Nigeria finds itself navigating a challenging path to recovery from the substantial drop in foreign exchange inflows into its economy. A recently published report by PricewaterhouseCoopers (PWC) suggests that this decline is expected to persist, exacerbating Nigeria’s existing FX predicament.
The Unrelenting FX Struggles
Despite the Nigerian government’s effort to float the naira, the disparity between the official and parallel market exchange rates continues to widen, putting immense pressure on the foreign exchange supply. The most recent exchange rates reflect the growing divide, with the Investors & Exporters (I&E FX Window) reporting a rate of N848/$ before closing at N775. Simultaneously, at the parallel market, the dollar traded for N1,100.
Concerns are escalating amid this unfolding dollar crisis, with the PWC report signalling a potentially gloomy future.
Alarming Trends in Capital Importation
In the second quarter of 2023, Nigeria witnessed a substantial drop in the importation of foreign currencies, totalling a mere $1 billion. This figure represents a significant 32.9% decline compared to the $1.535 billion recorded during the same period in 2022 and a 9.04% decrease from the $1.13 billion in Q1 2023.
PWC’s Nigerian Economic Outlook for October underscores the risk that the declining global trade growth poses to Nigeria’s trade balance and foreign exchange inflows.
The Impact on Remittances
The report highlights that remittance flows to low and middle-income countries are expected to experience slow growth, increasing by 1.4% in 2023 compared to the 8% growth recorded in 2022. This subdued growth is attributed to the softening of economic activity in remittance-source countries, resulting in limited employment and wage gains for migrants.
While remittances to Nigeria accounted for 38% of the total flows to Sub-Saharan Africa, they increased by only 3.3% to reach $20.1 billion.
Divergence Between Official and Parallel Markets
The report also notes a rising trend in FX inflows from non-Central Bank sources. This influx from autonomous sources further contributes to the widening gap between official and parallel market exchange rates. It suggests that official interventions may not accurately reflect the actual market dynamics, as an increasing portion of annual inflows is sourced from unofficial channels.
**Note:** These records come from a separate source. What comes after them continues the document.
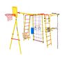 Яркий спортивно-игровой комплекс, предназначенный для установки под открытым небом. Отличается богатой комплектацией. За счет надежного металлического каркаса выдерживает вес до 100 килограмм, поэтому подойдет не только детям, но и большинству родителей. Помимо каркаса с лестницей и рукоходом, устройство укомплектовано баскетбольным щитом с кольцом, турником, брусьями, канатом, веревочной стенкой для лазанья, гимнастическими кольцами.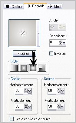 2 - Placer en avant-plan la couleur # f0f0f1 et en arrière-plan la couleur #c1bdb6Configurer un dégradé halo/Répétition: 0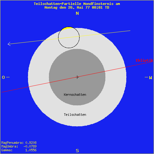 Mondfinsternis am Montag den 26. Mai 77 08:01 TD Saros Serie: 80 Mitglied: 11 von 74Inex Serie: 12Lunation: -23780 Abbildung zeigt das Maximum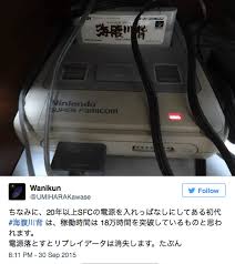Muchos han sido los juegos que se han beneficiado de este sistema, incluidos los primeros juegos de Pokémon. Sin embargo, estas baterías tienen un periodo de vida y al cumplirse ya no es posible guardar los progresos en memoria, salvo que uno decida no apagar jamás la consola, claro. Y esa última ha sido la decisión deWanikun, un japonés que se ha mantenido su partida de Umihara Kawase para Super Nintendo encendida prácticamente 20 años y con la única excepción de la vez que se mudó de casa.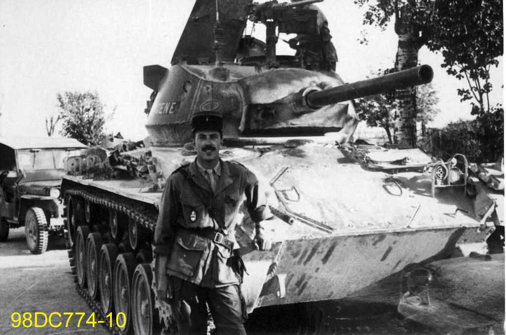 Militaire devant un char léger AMX-13.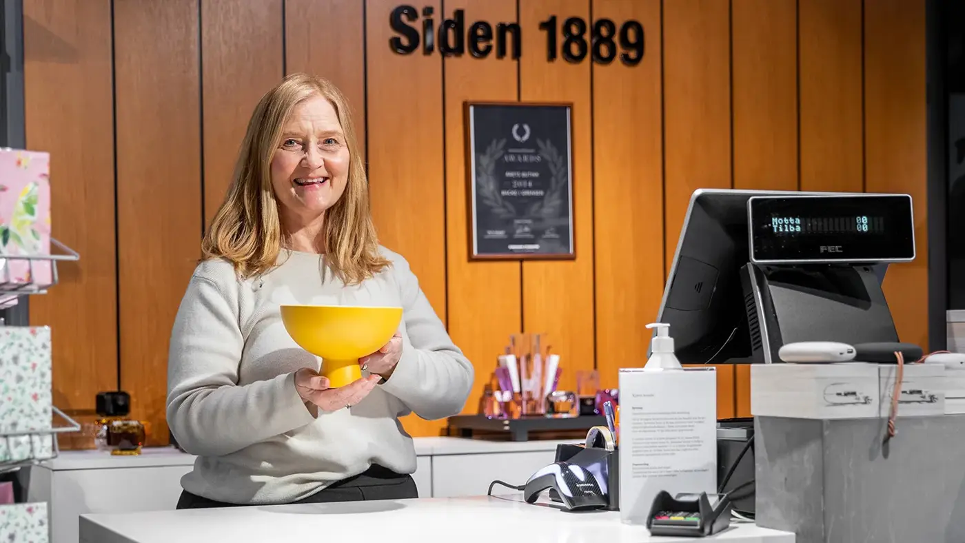 Hos Kremmerhuset har butikkleder Madde iført seg en gul blazer, men det er ikke utelukkende fordi påsken snart står for tur.

Impact of Growing Public Debt
Nigeria’s increasing public debt, standing at N87.4 trillion in Q2 2023, is attributed to securitization of ways and means and naira devaluation. The report points out that foreign suppliers may be reluctant to accept letters of credit due to unsettled $7 billion FX obligations to domestic lenders. This could result in reduced imports of crucial goods and inputs for manufacturing and retail/wholesale trade, potentially intensifying inflationary pressures and negatively impacting GDP growth.
The rise in Nigeria’s debt service to revenue ratio to 96% in 2022 raises concerns about a widening fiscal deficit, high debt servicing to revenue, and escalating debt to GDP ratios.
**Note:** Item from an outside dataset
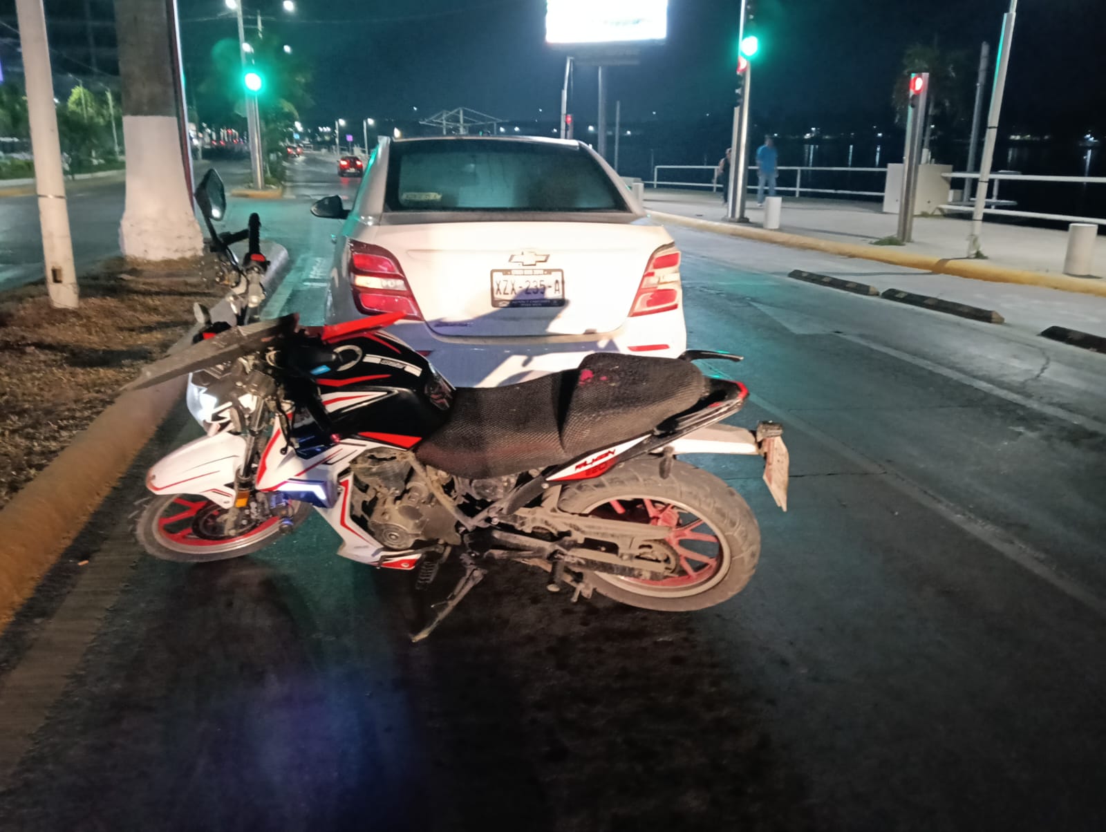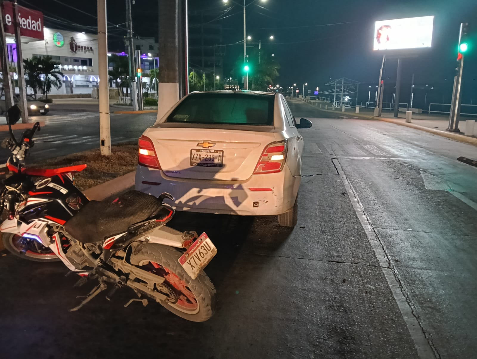 Choque por alcance entre motocicleta y automóvil en el bulevar Reyes Heroles

Recommendations for the Way Forward
The PWC report suggests five key recommendations to address the current challenges:
- Boosting Investors’ Confidence: Nigeria should provide a transparent FX management story to regain investor confidence.
- Managing for Flexibility and Shocks: The country must build resilience to withstand external shocks through well-sequenced policy execution.
- Short-term Solutions for Enhanced FX Liquidity: Immediate measures to improve foreign exchange liquidity are necessary.
- Deepening Financial Markets: Nigeria should work on strengthening its financial markets.
- Longer-term Sectoral Policies: Focusing on sectors that can drive exports and boost domestic consumption is essential.
In summary, Nigeria’s FX woes persist, and the PWC report cautions that the road to recovery may be lengthy. Clear policy actions, improved investor confidence, and a strategic approach to address the root causes of the crisis are essential to restore stability to the nation’s foreign exchange market and fuel economic growth.